→ Work to be completed: All that is wanted is the exact text of the lines below from the one with "Компания Profit Box" through the one with "Diam. 45. (2)", inclusive, minus any pictures.

Records from a collection
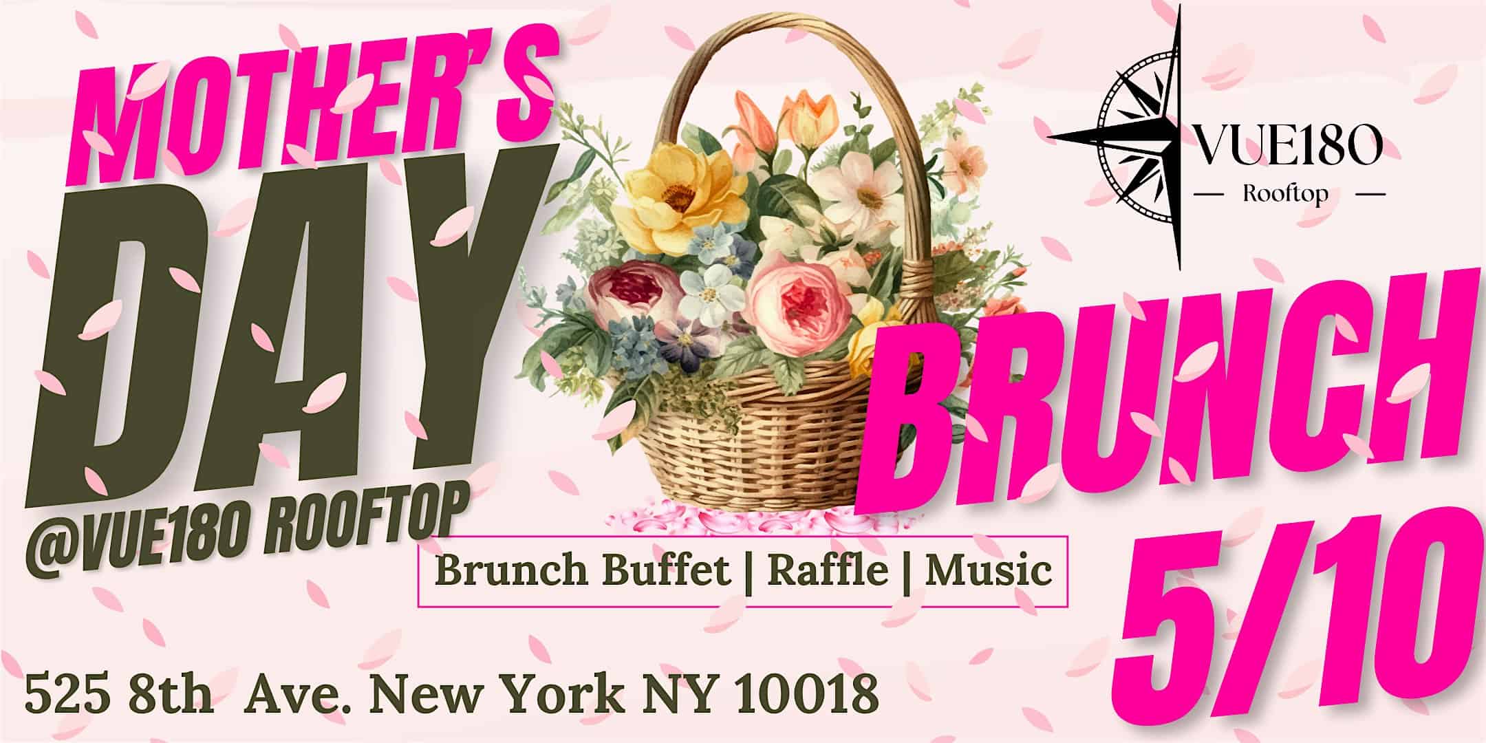 by admin14Feb Mothers Day Brunch at Vue 180 Rooftop Bar & Lounge – New York, NY Mothers Day Brunch at Vue 180 Rooftop Bar & Lounge – New York, NY 1 1 people viewed this event. Celebrate Mom with tasty bites and good vibes at our cozy Mothers Day Brunch! Tickets-RSVP Link Date And Time Sunday, May 10th, 2026 03:00 PM (PST) Venue Vue 180 Rooftop Bar & Lounge Location 525 8th Avenue, New York, NY 10018 Event Types Food & Drink Event Category New YorkNew York City Share With Friends Facebook Twitter Linkedin Xing Pinterest Share This Post:
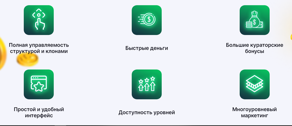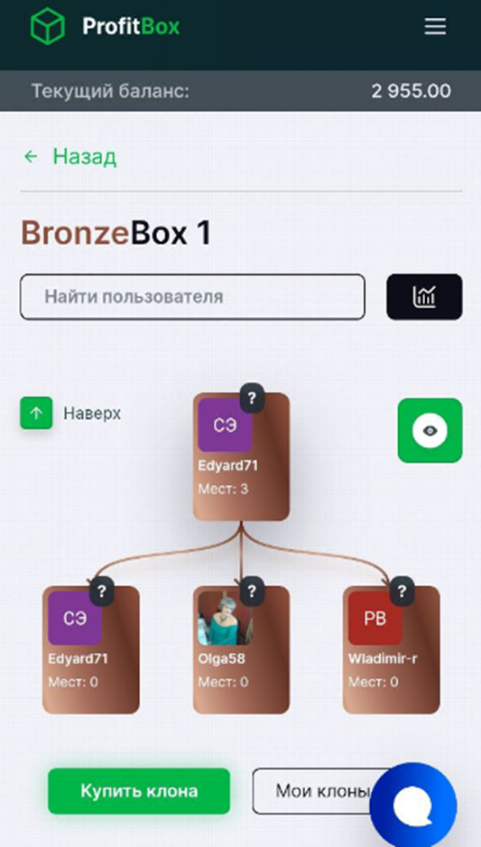 Компания Profit Box предлагает в Телеграме и на сайте быстро и без хлопот заработать миллион за счет двух факторов: инвестиции и привлечение рефералов. В первом случае клиенту предлагается купить одно из трех мест за столом, при необходимости заполнить остальные слоты за счет клонов, приблизившись к цели, увеличив вероятность, получить рефералов, которые регистрируются без кода куратора.
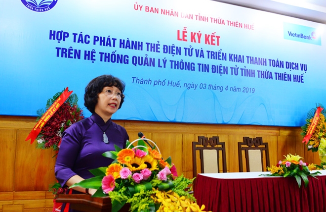 Tiếp tục phát huy hiệu quả đạt được, VietinBank vinh dự được UBND tỉnh Thừa Thiên - Huế lựa chọn tham gia hợp tác, nghiên cứu, xây dựng và triển khai 2 nội dụng là “Đề án Thẻ điện tử công chức, thẻ điện tử cá nhân/doanh nghiệp” và “Giải pháp Thanh toán hóa đơn trên Hệ thống quản lý Thông tin điện tử của tỉnh”. Việc thí điểm thẻ điện tử và tích hợp thanh toán dịch vụ trên hệ thống thẻ điện tử do VietinBank và tỉnh Thừa Thiên - Huế triển khai là mô hình đầu tiên trên toàn quốc.
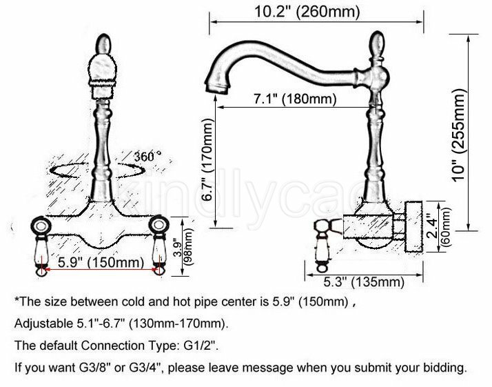 Bathroom Faucet 360 Swivel Spout Wall Mounted Dual Handle Kitchen Sink Mixer Tap
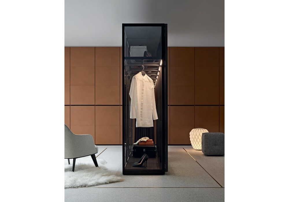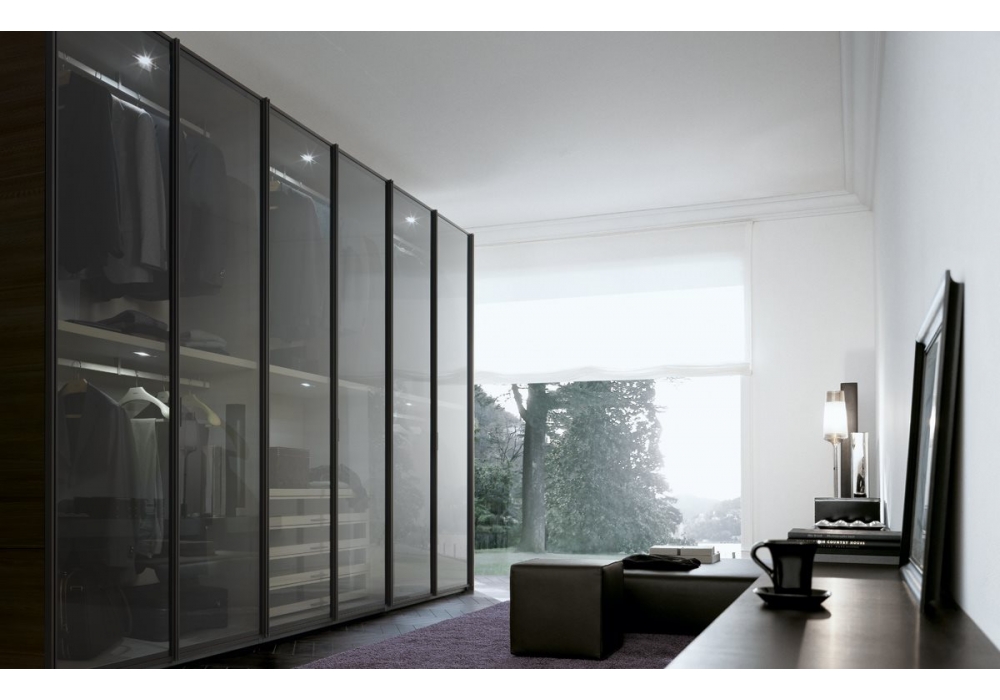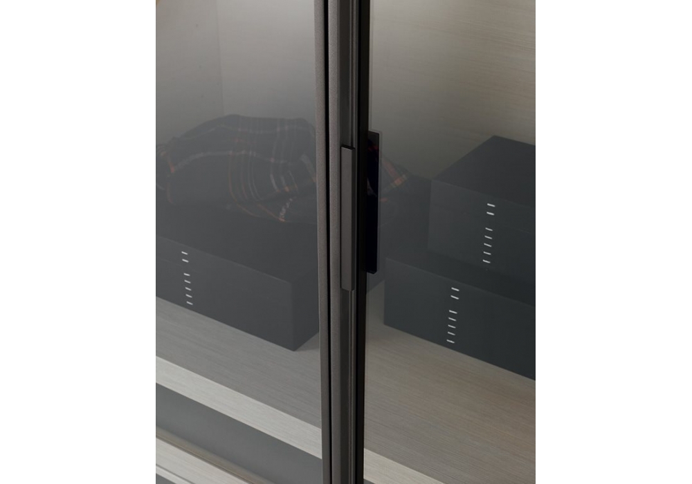 Ego conçu par Giuseppe Bavuso pour Poliform est une armoire avec portes en verre et cadre en aluminium. Ego est une garde-robe légère et transparente.
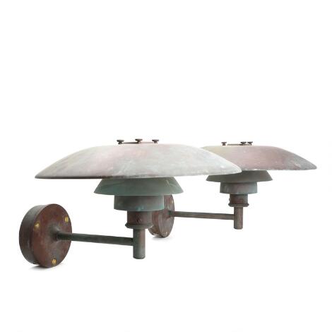 2546/576Poul Henningsen: "PH 4,5/3". Et par udendørs væglamper af patineret kobber. Udført hos Louis Poulsen. Diam. 45. (2)
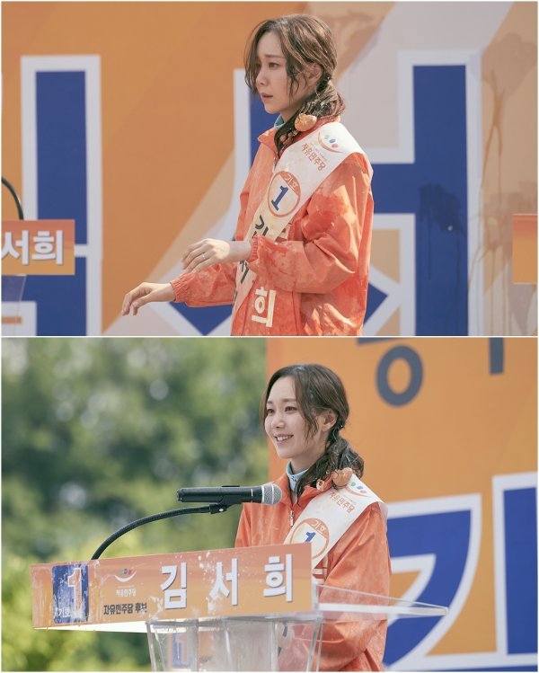 서희의 아버지 김승철(김종수)은 당 대표 홍민국(송영창)이 “송주는 김승철 핏줄이 아니면 안 된다니까”라고 할 정도로 지역주민들의 절대적인 지지를 등에 업고 있었다. 그래서 서희의 선거는 쉽게 흘러갈 것 같았고, ‘김승철의 딸, 송주의 딸 기호 1번’으로 유세를 시작했다. 그런데 17일 공개된 스틸컷에서 서희는 무슨 영문인지 달걀과 흰 가루를 맞고 엉망이 돼 있다. 시작과 함께 시민들의 반대에 부딪힌 것이다.

→ Exercise result:
 Компания Profit Box предлагает в Телеграме и на сайте быстро и без хлопот заработать миллион за счет двух факторов: инвестиции и привлечение рефералов. В первом случае клиенту предлагается купить одно из трех мест за столом, при необходимости заполнить остальные слоты за счет клонов, приблизившись к цели, увеличив вероятность, получить рефералов, которые регистрируются без кода куратора.
 Tiếp tục phát huy hiệu quả đạt được, VietinBank vinh dự được UBND tỉnh Thừa Thiên - Huế lựa chọn tham gia hợp tác, nghiên cứu, xây dựng và triển khai 2 nội dụng là “Đề án Thẻ điện tử công chức, thẻ điện tử cá nhân/doanh nghiệp” và “Giải pháp Thanh toán hóa đơn trên Hệ thống quản lý Thông tin điện tử của tỉnh”. Việc thí điểm thẻ điện tử và tích hợp thanh toán dịch vụ trên hệ thống thẻ điện tử do VietinBank và tỉnh Thừa Thiên - Huế triển khai là mô hình đầu tiên trên toàn quốc.
 Bathroom Faucet 360 Swivel Spout Wall Mounted Dual Handle Kitchen Sink Mixer Tap
 Ego conçu par Giuseppe Bavuso pour Poliform est une armoire avec portes en verre et cadre en aluminium. Ego est une garde-robe légère et transparente.
 2546/576Poul Henningsen: "PH 4,5/3". Et par udendørs væglamper af patineret kobber. Udført hos Louis Poulsen. Diam. 45. (2)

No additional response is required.